In Libya, a Lesson for Iran
Moammar Gaddafi leaned across the couch and surprised me with the question he posed, squinting as he searched my face for reaction: "Why do you drink poison?"
I could guess where the Libyan dictator was headed but asked him to explain. During a news conference, we had just engaged in a verbal confrontation over terrorism, and he had asked to see me alone -- perhaps, I thought, to articulate his position better, or just to arrest me. "Alcohol," he said through an interpreter. "You people in the West poison yourself with alcohol. You are fools."
That 1973 interview in Tripoli and an even more venomous conversation with Gaddafi 14 years later accustomed me never to be surprised by anything he does. And no one -- beginning with the Scottish and British officials trying to glide away from a truly reprehensible act -- should have been surprised by the hero's welcome Gaddafi gave to Abdel Basset Ali al-Megrahi, a Libyan intelligence agent convicted of the 1988 bombing of Pan Am Flight 103.
The hoopla in Tripoli for Megrahi, released from a Scottish jail for "humanitarian reasons," was not only in Gaddafi's nature. It was in his interest.
Gaddafi needed to lionize Megrahi to continue to assert that his regime had no connection to the Lockerbie tragedy -- despite evidence to the contrary. Megrahi had to be visibly rewarded for enduring the unjust persecution claimed in Gaddafi's version. No surprise, no afterthought, the welcome was an essential goal that Gaddafi never let out of his sight.
U.S. officials have to deal not only with the odious aftermath of Megrahi's release but also with Gaddafi's plan to visit New York next month to address the United Nations. They should remember that Gaddafi is crazy, but crazy like a monomaniacal fox.
It has alas become too late to obtain justice for the 270 victims of the Lockerbie bombing. Letting Gaddafi off the hook was an implicit feature of the 2003 plea bargain that George W. Bush and Tony Blair struck with the Libyan leader to get Tripoli to end its nuclear and chemical weapons programs and help roll up terrorist networks it had previously supported.
But it is not too late to apply lessons from that plea bargaining to President Obama's determination to reach a somewhat similar arrangement with Iran. Like Gaddafi, Mahmoud Ahmadinejad and his followers have one goal they can never abandon, even if it must remain swaddled in silence and in their promises to change in other ways.

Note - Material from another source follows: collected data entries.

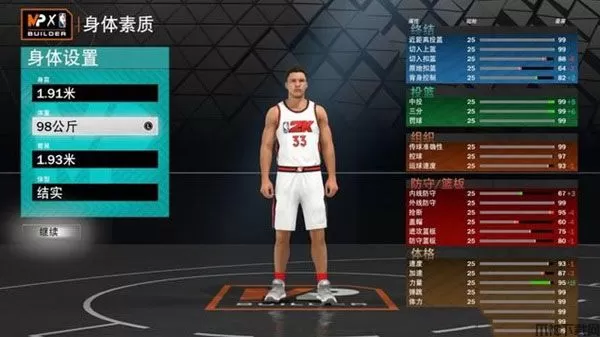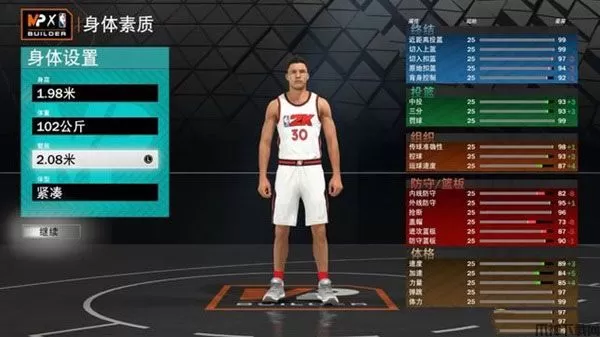 1、本作的建模菜单采用了《2K22 次世代》的建模方式,通过调整球员的身体数据以决定各项能力所能抵达的上限。
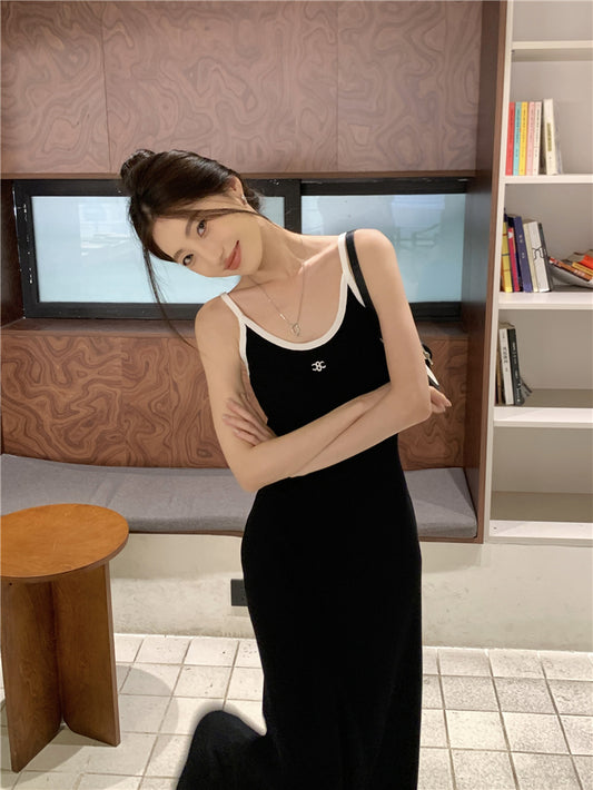 【Na+】春芳蕩漾背心式收腰垂墜連身裙 黑
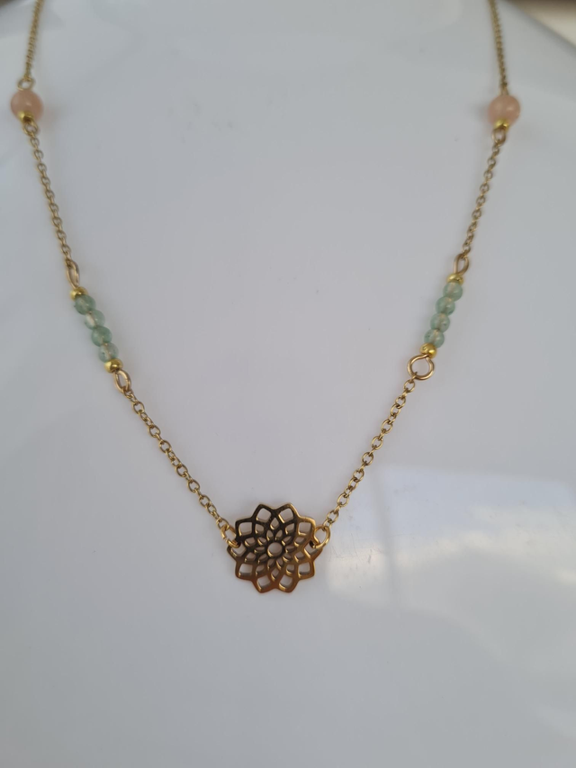 Collier en acier inoxydable doré et pierre naturelle aventurine verte et pierre de soleil.
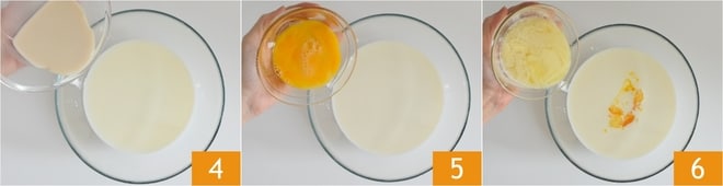 Gießen Sie die Mischung aus Milch und Hefe in die restliche Milch 4, dann fügen Sie das verquirlte Ei 5 und die geschmolzene, abgekühlte Butter 6 hinzu.
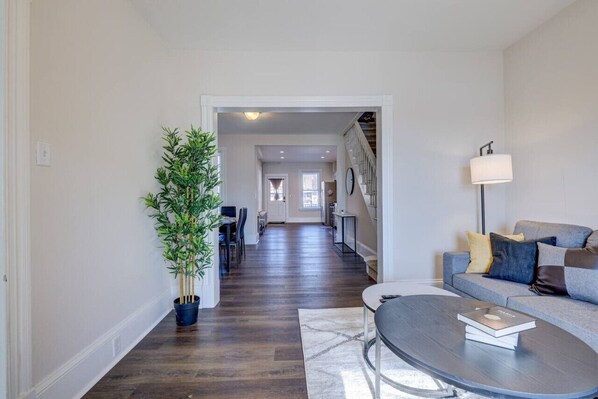Enjoy a stylish experience at this centrally-located townhome. Located in the heart of Stroudsburg, we welcome you to the poconos! 15 mins from Shawnee, 10 mins from The Crossings Outlets, 5 mins from Stroud mall, walmart, and many restaurants. 2 full kitchens is provided, 4 free parking spaces, 2 washers and 2 dryer, and 2 King suites! (1 in each unit)
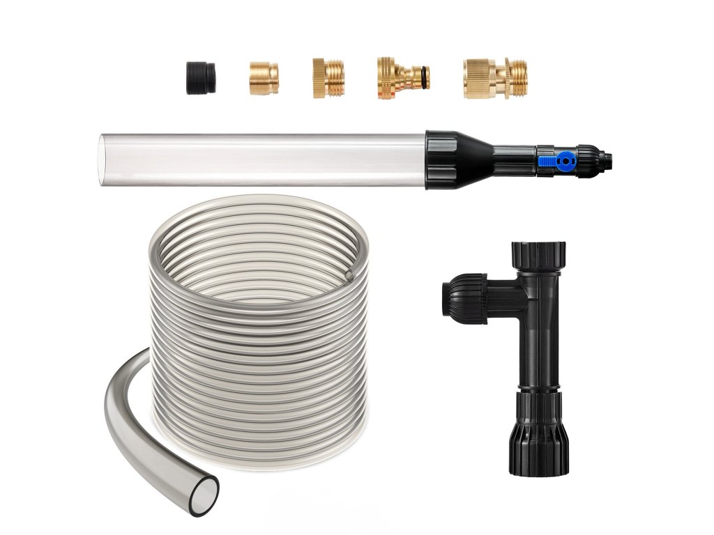 Akvárium szifon kavics vákuum PVC tömlő 50 láb, 3 sárgaréz adapter
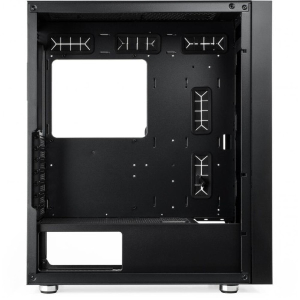 Особлива увага приділена ефективній вентиляції. У корпусі передбачені місця для встановлення до 8 вентиляторів: 2 знизу, 3 спереду, 2 зверху і ще один ззаду. Це дозволяє налаштувати найефективнішу систему охолодження, яка гарантує стабільну роботу компонентів вашого комп’ютера. Крім цього, наявність пилового фільтра важлива для підтримки чистоти і подовження терміну служби деталей. А для любителів рідинного охолодження корпус підтримує встановлення водяних систем.
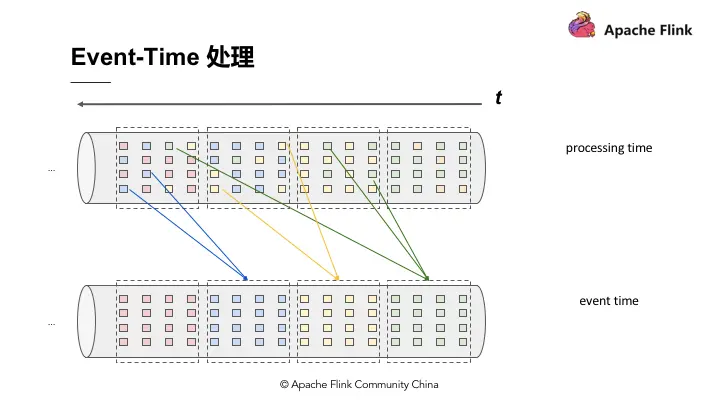 Event - Time 是用事件真实产生的时间戳去做 Re-bucketing,把对应时间 3 点到 4 点的数据放在 3 点到 4 点的 Bucket,然后 Bucket 产生结果。所以 Event - Time 跟 Processing - time 的概念是这样对比的存在。

Iranians live in a culture of negotiation, much as Americans venerate entrepreneurship or the French value style and elegance. The act of negotiating, for Iranians, is a high art and the ultimate framework for all human interaction. Arriving at a quick, clear outcome based on compromise is amateurish and rude, if not unpatriotic.
I was reminded of this recently by Abbas Kiarostami's masterfully minimalist film "Taste of Cherry," now available on DVD. Like the work of many serious moviemakers, Kiarostami's film succeeds because it places national character at its center. The plot:
A man tries to persuade strangers to help him commit suicide (for undisclosed reasons) in return for money. The movie becomes a long, continuous negotiation among many players, in which the pros and cons of every conceivable action are debated, weighed and reformulated. And in the end, no one is clear exactly what has happened.
Even the power struggle going on in Iran has taken on many traits of a negotiation between the rulers and the dissidents. Fraudulent elections, protests, Stalinist show trials and staggering human rights abuses have given rise to a national dialogue about the Islamic republic's outdated institutions -- particularly the office of Supreme Guide occupied by Ayatollah Ali Khamenei.
So Iranians will be comfortable with the elaborate interlocking negotiations that will have to involve the United States, Israel, Russia, the European powers and China to bring a halt to Tehran's current nuclear and missile programs. But in the end, whatever the regime seems to have promised, it will have to be able to communicate to its people that Iran has not given up the instrument that guarantees a continuing place at the top negotiating table -- the capability to build a nuclear weapon.
That is Tehran's equivalent of Megrahi's welcome, whatever the rest of the plea bargain says. Such a deal may be worth it for Obama, and for the United States, on balance. But he, and we, should be under no illusion about the result Tehran has in mind.